▸ **Work to complete**:
Print the lines below from the line with "25 새로운 여름 어린이" to the line with "但是高度的工業發展,也帶來嚴" exactly, keeping both ends, and print no pictures.

▸ **Exercise input**:
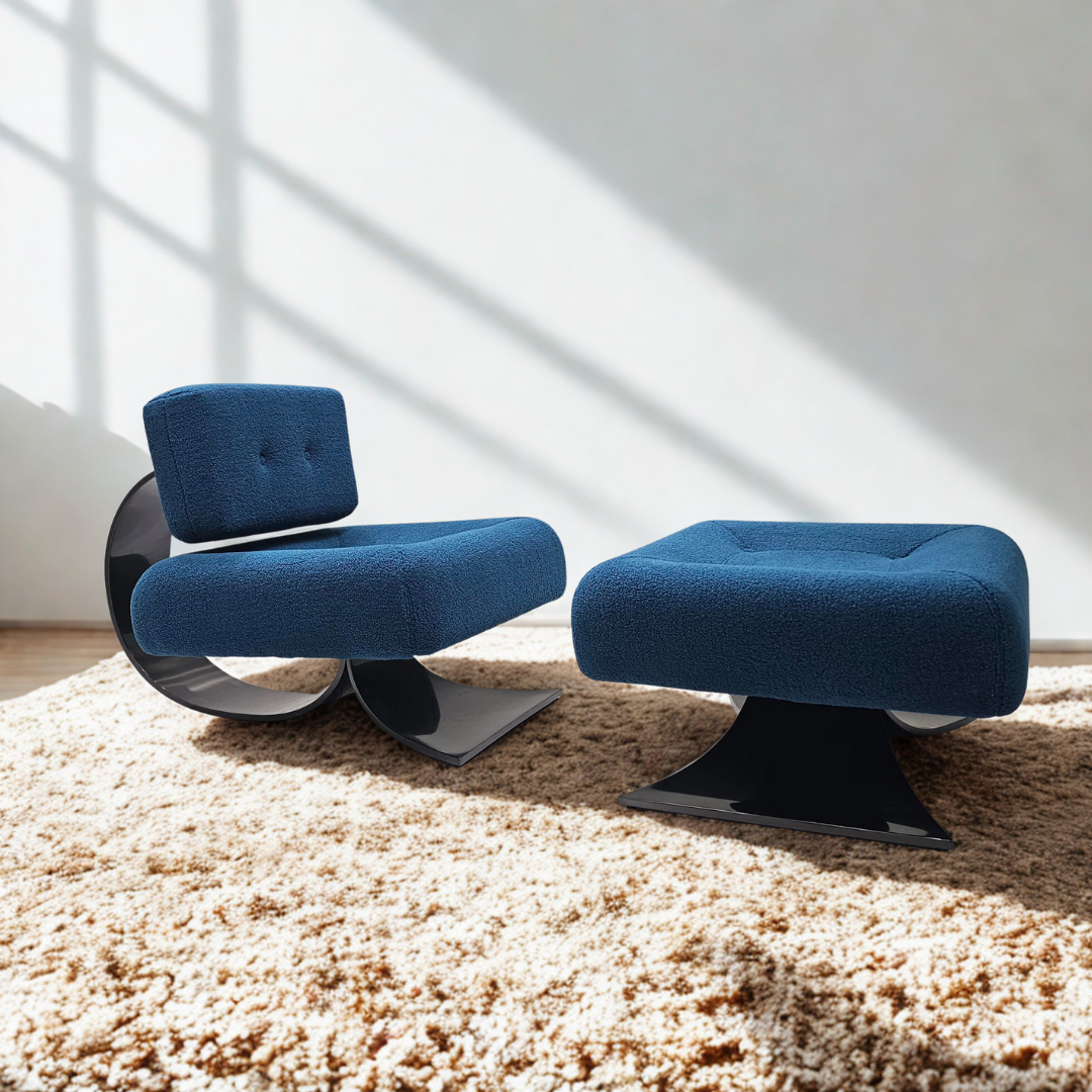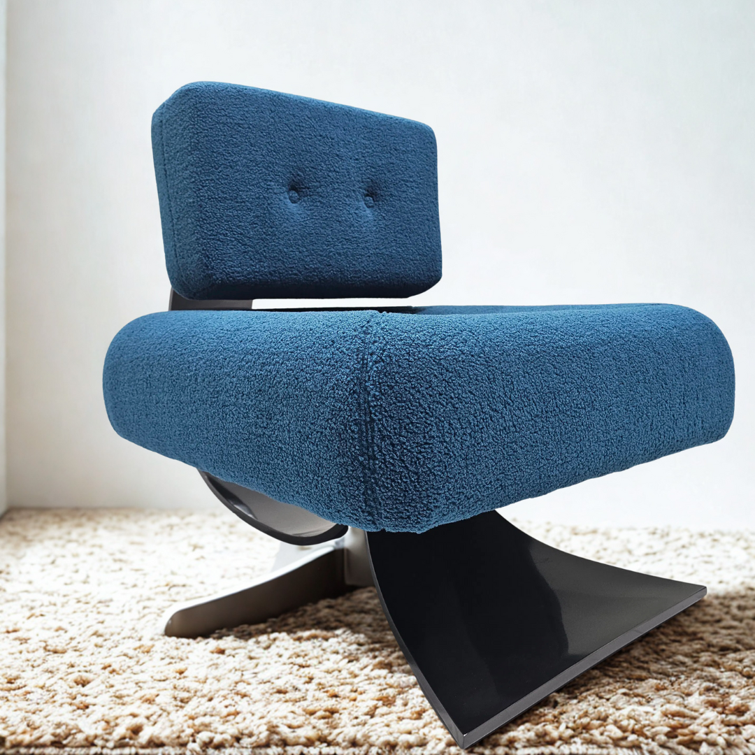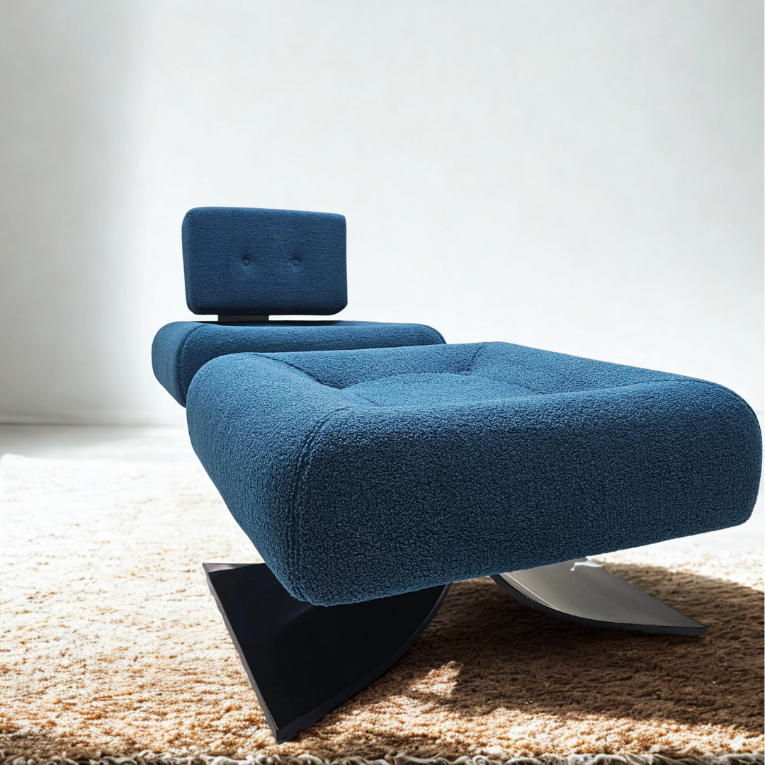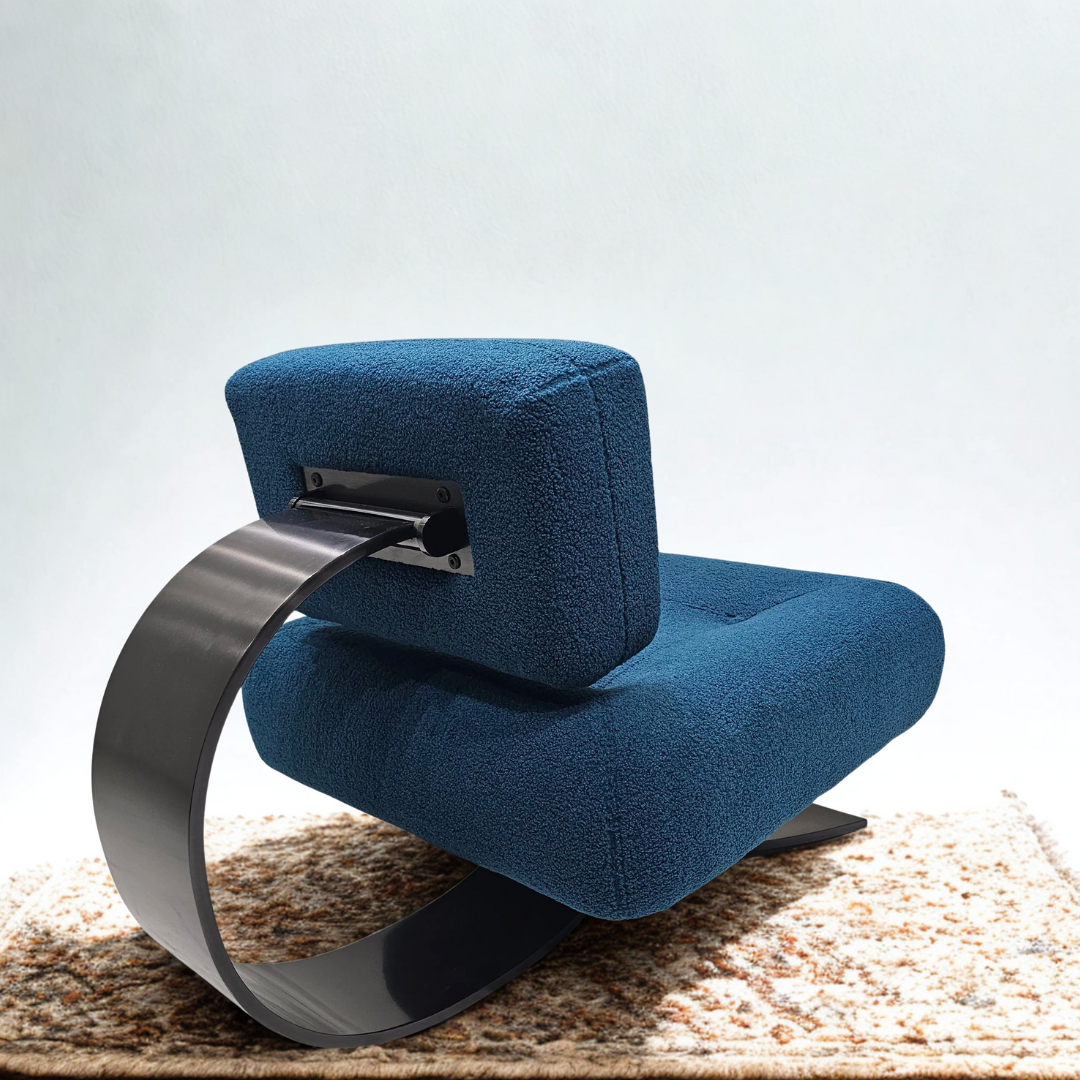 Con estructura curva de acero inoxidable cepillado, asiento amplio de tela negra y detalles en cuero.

* * *

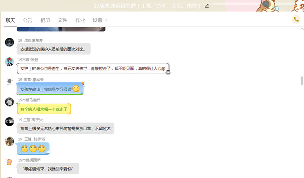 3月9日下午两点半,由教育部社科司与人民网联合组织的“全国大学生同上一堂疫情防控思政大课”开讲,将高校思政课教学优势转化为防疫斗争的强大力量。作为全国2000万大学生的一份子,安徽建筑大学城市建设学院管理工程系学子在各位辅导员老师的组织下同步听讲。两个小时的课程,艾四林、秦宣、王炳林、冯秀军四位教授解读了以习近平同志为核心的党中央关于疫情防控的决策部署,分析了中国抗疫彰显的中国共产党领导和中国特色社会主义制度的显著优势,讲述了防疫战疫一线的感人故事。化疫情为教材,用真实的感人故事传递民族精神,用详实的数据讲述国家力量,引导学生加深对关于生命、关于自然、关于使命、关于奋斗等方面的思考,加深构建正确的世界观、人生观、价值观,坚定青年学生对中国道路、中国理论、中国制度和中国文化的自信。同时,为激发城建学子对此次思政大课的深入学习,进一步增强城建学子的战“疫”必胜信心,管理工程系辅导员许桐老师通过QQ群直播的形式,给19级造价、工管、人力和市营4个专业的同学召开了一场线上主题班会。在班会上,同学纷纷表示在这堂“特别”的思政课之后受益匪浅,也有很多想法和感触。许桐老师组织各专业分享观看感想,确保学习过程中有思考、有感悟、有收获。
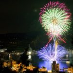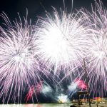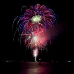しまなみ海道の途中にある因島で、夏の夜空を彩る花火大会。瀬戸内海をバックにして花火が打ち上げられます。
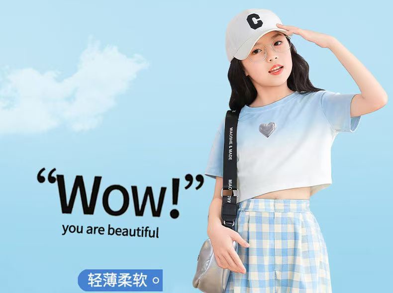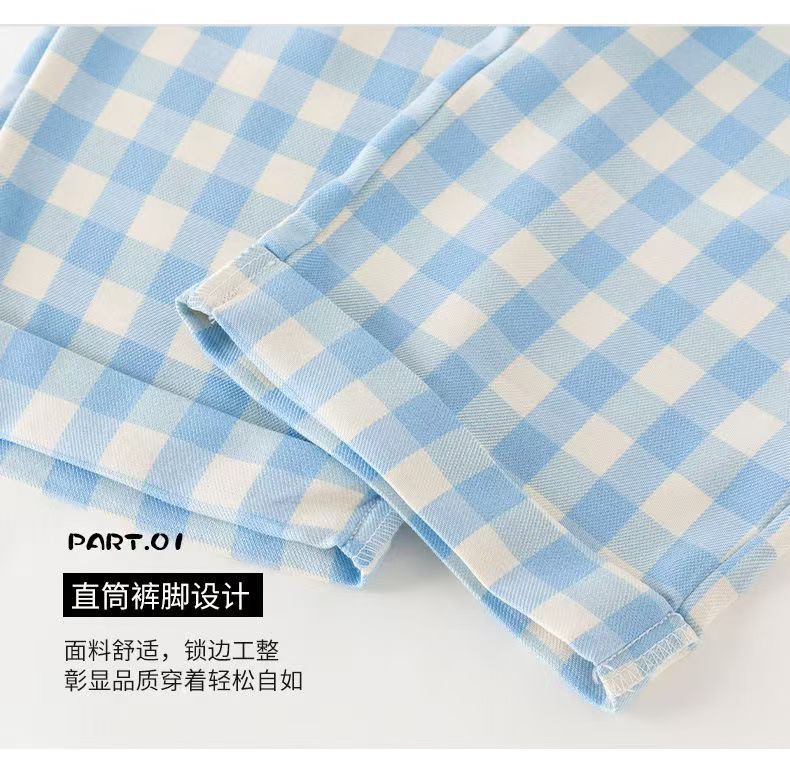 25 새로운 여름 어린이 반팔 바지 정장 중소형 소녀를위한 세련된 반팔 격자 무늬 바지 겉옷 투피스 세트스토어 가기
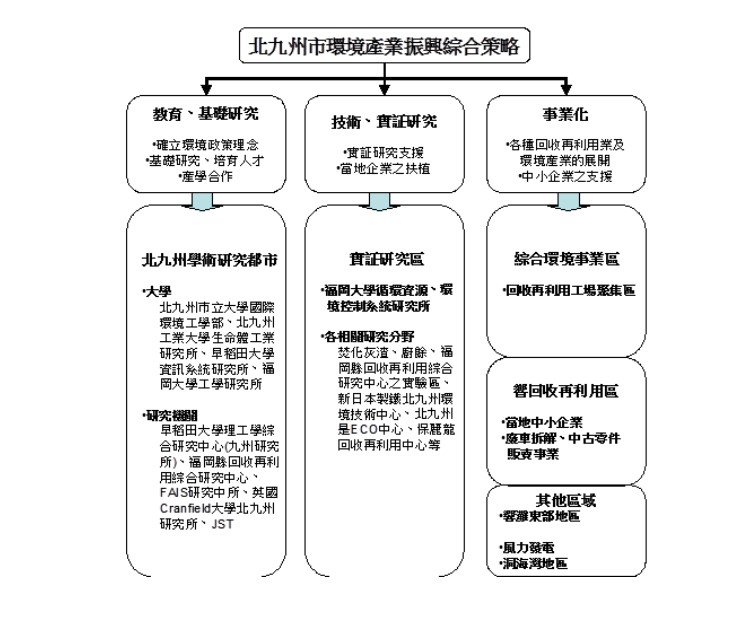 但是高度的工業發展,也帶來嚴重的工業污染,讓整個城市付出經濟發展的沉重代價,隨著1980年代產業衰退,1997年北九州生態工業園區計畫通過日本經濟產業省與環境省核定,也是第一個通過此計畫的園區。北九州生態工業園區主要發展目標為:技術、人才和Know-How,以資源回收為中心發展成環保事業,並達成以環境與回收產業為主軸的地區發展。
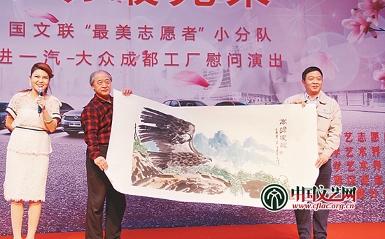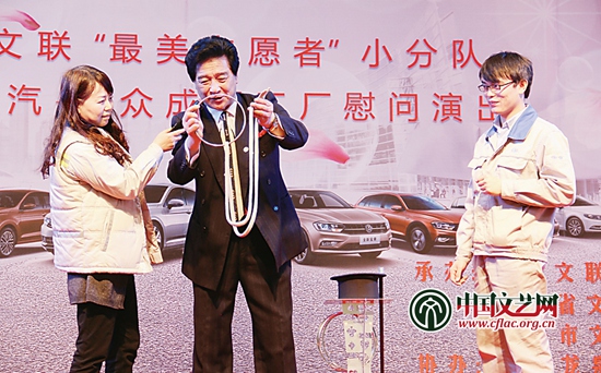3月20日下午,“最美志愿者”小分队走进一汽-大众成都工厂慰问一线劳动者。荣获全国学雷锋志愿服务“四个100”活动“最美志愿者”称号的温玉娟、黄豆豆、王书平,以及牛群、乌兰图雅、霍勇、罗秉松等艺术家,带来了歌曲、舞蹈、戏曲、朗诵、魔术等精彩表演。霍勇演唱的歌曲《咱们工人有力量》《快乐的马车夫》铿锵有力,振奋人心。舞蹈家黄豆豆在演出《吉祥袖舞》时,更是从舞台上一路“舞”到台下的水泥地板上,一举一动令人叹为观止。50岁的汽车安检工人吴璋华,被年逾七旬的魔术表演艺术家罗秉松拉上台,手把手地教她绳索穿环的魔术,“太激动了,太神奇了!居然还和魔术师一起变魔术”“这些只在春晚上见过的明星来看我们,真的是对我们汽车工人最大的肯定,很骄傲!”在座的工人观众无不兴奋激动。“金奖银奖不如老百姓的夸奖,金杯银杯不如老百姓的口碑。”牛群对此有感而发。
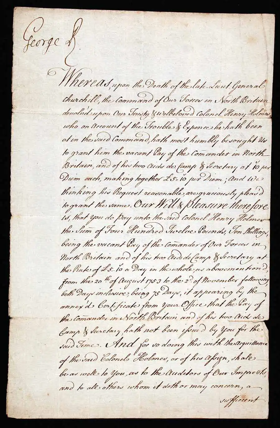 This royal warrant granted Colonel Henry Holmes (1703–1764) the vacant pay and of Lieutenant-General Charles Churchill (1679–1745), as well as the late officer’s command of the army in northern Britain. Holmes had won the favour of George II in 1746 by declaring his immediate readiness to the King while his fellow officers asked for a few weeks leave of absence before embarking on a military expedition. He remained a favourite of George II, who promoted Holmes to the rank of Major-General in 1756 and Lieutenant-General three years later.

...

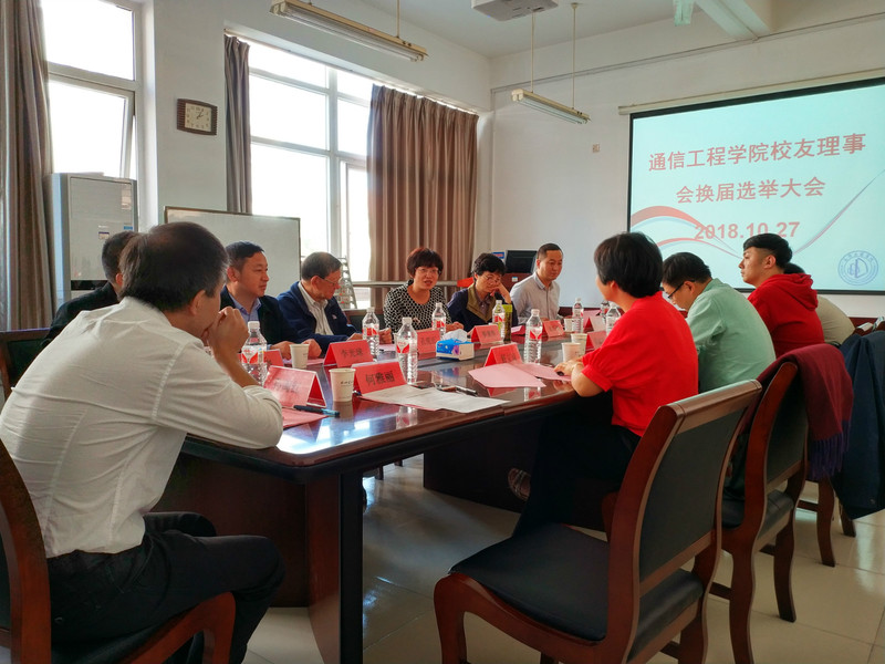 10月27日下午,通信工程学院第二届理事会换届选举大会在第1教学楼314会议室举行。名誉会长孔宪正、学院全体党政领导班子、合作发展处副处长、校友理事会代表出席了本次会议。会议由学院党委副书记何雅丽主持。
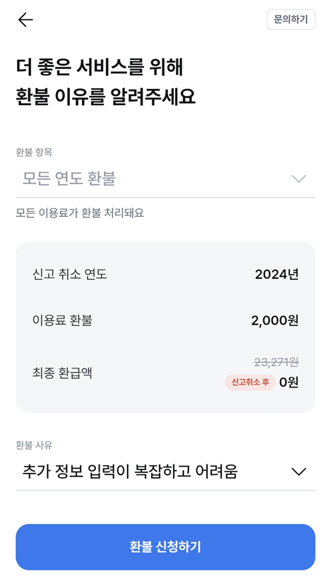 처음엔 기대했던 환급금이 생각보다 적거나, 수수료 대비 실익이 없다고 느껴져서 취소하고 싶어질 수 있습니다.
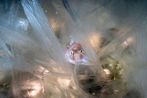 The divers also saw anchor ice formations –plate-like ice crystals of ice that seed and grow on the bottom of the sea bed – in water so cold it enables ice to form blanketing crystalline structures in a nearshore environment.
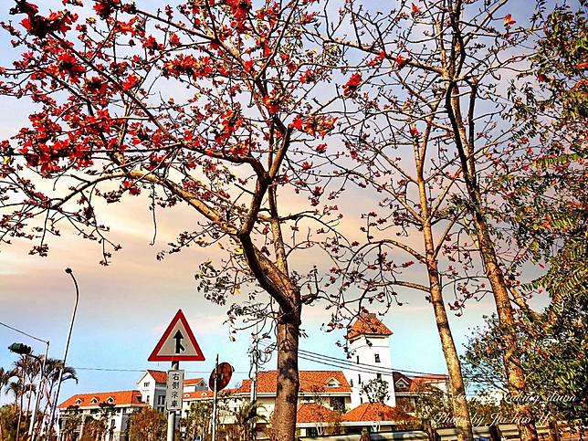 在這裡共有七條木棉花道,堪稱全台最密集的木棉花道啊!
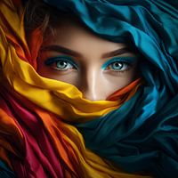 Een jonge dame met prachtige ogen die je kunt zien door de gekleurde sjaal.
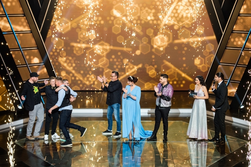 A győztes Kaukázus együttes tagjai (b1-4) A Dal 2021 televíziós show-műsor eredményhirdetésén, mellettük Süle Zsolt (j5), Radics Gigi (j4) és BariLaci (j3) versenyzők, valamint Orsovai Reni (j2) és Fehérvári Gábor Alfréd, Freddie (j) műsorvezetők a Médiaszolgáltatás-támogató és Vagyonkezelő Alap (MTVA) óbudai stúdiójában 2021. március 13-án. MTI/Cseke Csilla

▸ **Written answer**:
 25 새로운 여름 어린이 반팔 바지 정장 중소형 소녀를위한 세련된 반팔 격자 무늬 바지 겉옷 투피스 세트스토어 가기
 但是高度的工業發展,也帶來嚴重的工業污染,讓整個城市付出經濟發展的沉重代價,隨著1980年代產業衰退,1997年北九州生態工業園區計畫通過日本經濟產業省與環境省核定,也是第一個通過此計畫的園區。北九州生態工業園區主要發展目標為:技術、人才和Know-How,以資源回收為中心發展成環保事業,並達成以環境與回收產業為主軸的地區發展。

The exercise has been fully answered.